*Exercise requirements:*
Your task is to copy the listing exactly, with the pictures left out.

*Available data:*
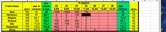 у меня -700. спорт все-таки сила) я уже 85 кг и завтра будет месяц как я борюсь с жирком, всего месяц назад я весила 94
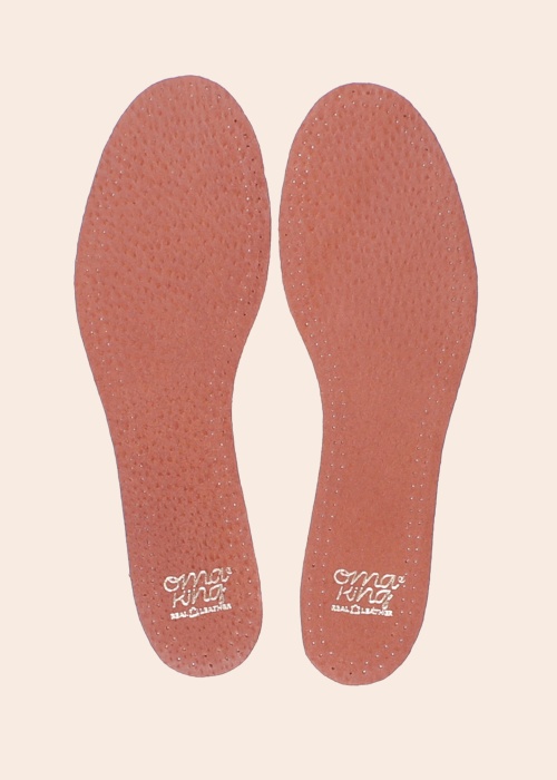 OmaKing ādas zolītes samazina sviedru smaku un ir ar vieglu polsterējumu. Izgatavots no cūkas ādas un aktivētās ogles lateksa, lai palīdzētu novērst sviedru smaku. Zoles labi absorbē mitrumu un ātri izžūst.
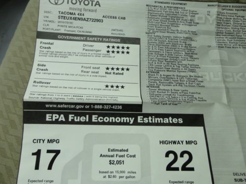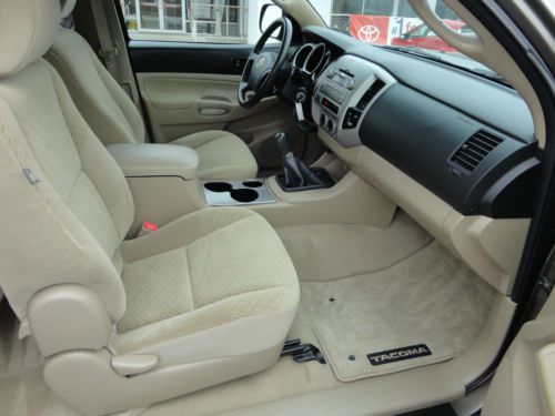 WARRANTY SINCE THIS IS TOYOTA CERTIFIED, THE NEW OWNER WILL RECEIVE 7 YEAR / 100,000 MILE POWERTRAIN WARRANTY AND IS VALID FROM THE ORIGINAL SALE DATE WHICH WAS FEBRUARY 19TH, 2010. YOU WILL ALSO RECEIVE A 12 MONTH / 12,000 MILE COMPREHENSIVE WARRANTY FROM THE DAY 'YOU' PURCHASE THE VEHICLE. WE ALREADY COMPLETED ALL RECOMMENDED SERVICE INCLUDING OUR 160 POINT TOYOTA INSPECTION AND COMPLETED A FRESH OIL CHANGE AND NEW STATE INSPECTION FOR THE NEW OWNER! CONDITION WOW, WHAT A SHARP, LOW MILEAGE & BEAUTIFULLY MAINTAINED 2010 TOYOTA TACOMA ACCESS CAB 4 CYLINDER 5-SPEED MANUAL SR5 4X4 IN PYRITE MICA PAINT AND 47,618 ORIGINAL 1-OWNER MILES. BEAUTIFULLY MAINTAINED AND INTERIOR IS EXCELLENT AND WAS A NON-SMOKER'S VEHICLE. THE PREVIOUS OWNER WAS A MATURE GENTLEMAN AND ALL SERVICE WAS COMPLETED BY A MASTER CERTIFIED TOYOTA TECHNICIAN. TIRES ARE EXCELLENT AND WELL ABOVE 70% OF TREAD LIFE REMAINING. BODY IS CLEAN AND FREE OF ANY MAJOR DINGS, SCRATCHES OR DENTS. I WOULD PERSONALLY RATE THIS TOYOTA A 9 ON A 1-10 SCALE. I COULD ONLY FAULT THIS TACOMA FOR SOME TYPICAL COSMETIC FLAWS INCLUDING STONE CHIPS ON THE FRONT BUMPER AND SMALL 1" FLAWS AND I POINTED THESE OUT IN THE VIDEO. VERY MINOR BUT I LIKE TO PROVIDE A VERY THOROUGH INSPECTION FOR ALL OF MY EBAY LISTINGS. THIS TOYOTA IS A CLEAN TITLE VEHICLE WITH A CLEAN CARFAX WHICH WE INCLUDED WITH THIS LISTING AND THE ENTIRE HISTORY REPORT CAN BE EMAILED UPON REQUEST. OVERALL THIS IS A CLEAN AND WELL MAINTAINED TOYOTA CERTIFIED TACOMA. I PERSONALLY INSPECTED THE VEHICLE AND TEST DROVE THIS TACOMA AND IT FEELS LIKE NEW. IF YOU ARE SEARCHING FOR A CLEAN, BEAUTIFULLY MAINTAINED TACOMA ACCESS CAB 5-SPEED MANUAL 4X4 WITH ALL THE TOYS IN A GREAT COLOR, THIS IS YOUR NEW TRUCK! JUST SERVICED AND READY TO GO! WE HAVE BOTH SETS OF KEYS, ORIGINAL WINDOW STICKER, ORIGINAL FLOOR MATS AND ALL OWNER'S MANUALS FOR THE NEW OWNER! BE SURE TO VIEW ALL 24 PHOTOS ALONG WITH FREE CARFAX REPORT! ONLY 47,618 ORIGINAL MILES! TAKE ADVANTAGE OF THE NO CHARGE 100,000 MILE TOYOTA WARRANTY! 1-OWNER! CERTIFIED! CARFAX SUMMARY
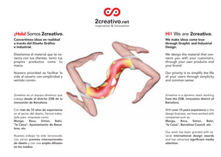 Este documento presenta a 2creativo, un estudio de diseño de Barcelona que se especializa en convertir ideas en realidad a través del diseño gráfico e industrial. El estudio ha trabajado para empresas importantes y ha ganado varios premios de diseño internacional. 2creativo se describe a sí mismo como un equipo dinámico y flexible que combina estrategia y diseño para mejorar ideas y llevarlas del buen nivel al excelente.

*Problem solution:*
 у меня -700. спорт все-таки сила) я уже 85 кг и завтра будет месяц как я борюсь с жирком, всего месяц назад я весила 94
 OmaKing ādas zolītes samazina sviedru smaku un ir ar vieglu polsterējumu. Izgatavots no cūkas ādas un aktivētās ogles lateksa, lai palīdzētu novērst sviedru smaku. Zoles labi absorbē mitrumu un ātri izžūst.
 WARRANTY SINCE THIS IS TOYOTA CERTIFIED, THE NEW OWNER WILL RECEIVE 7 YEAR / 100,000 MILE POWERTRAIN WARRANTY AND IS VALID FROM THE ORIGINAL SALE DATE WHICH WAS FEBRUARY 19TH, 2010. YOU WILL ALSO RECEIVE A 12 MONTH / 12,000 MILE COMPREHENSIVE WARRANTY FROM THE DAY 'YOU' PURCHASE THE VEHICLE. WE ALREADY COMPLETED ALL RECOMMENDED SERVICE INCLUDING OUR 160 POINT TOYOTA INSPECTION AND COMPLETED A FRESH OIL CHANGE AND NEW STATE INSPECTION FOR THE NEW OWNER! CONDITION WOW, WHAT A SHARP, LOW MILEAGE & BEAUTIFULLY MAINTAINED 2010 TOYOTA TACOMA ACCESS CAB 4 CYLINDER 5-SPEED MANUAL SR5 4X4 IN PYRITE MICA PAINT AND 47,618 ORIGINAL 1-OWNER MILES. BEAUTIFULLY MAINTAINED AND INTERIOR IS EXCELLENT AND WAS A NON-SMOKER'S VEHICLE. THE PREVIOUS OWNER WAS A MATURE GENTLEMAN AND ALL SERVICE WAS COMPLETED BY A MASTER CERTIFIED TOYOTA TECHNICIAN. TIRES ARE EXCELLENT AND WELL ABOVE 70% OF TREAD LIFE REMAINING. BODY IS CLEAN AND FREE OF ANY MAJOR DINGS, SCRATCHES OR DENTS. I WOULD PERSONALLY RATE THIS TOYOTA A 9 ON A 1-10 SCALE. I COULD ONLY FAULT THIS TACOMA FOR SOME TYPICAL COSMETIC FLAWS INCLUDING STONE CHIPS ON THE FRONT BUMPER AND SMALL 1" FLAWS AND I POINTED THESE OUT IN THE VIDEO. VERY MINOR BUT I LIKE TO PROVIDE A VERY THOROUGH INSPECTION FOR ALL OF MY EBAY LISTINGS. THIS TOYOTA IS A CLEAN TITLE VEHICLE WITH A CLEAN CARFAX WHICH WE INCLUDED WITH THIS LISTING AND THE ENTIRE HISTORY REPORT CAN BE EMAILED UPON REQUEST. OVERALL THIS IS A CLEAN AND WELL MAINTAINED TOYOTA CERTIFIED TACOMA. I PERSONALLY INSPECTED THE VEHICLE AND TEST DROVE THIS TACOMA AND IT FEELS LIKE NEW. IF YOU ARE SEARCHING FOR A CLEAN, BEAUTIFULLY MAINTAINED TACOMA ACCESS CAB 5-SPEED MANUAL 4X4 WITH ALL THE TOYS IN A GREAT COLOR, THIS IS YOUR NEW TRUCK! JUST SERVICED AND READY TO GO! WE HAVE BOTH SETS OF KEYS, ORIGINAL WINDOW STICKER, ORIGINAL FLOOR MATS AND ALL OWNER'S MANUALS FOR THE NEW OWNER! BE SURE TO VIEW ALL 24 PHOTOS ALONG WITH FREE CARFAX REPORT! ONLY 47,618 ORIGINAL MILES! TAKE ADVANTAGE OF THE NO CHARGE 100,000 MILE TOYOTA WARRANTY! 1-OWNER! CERTIFIED! CARFAX SUMMARY
 Este documento presenta a 2creativo, un estudio de diseño de Barcelona que se especializa en convertir ideas en realidad a través del diseño gráfico e industrial. El estudio ha trabajado para empresas importantes y ha ganado varios premios de diseño internacional. 2creativo se describe a sí mismo como un equipo dinámico y flexible que combina estrategia y diseño para mejorar ideas y llevarlas del buen nivel al excelente.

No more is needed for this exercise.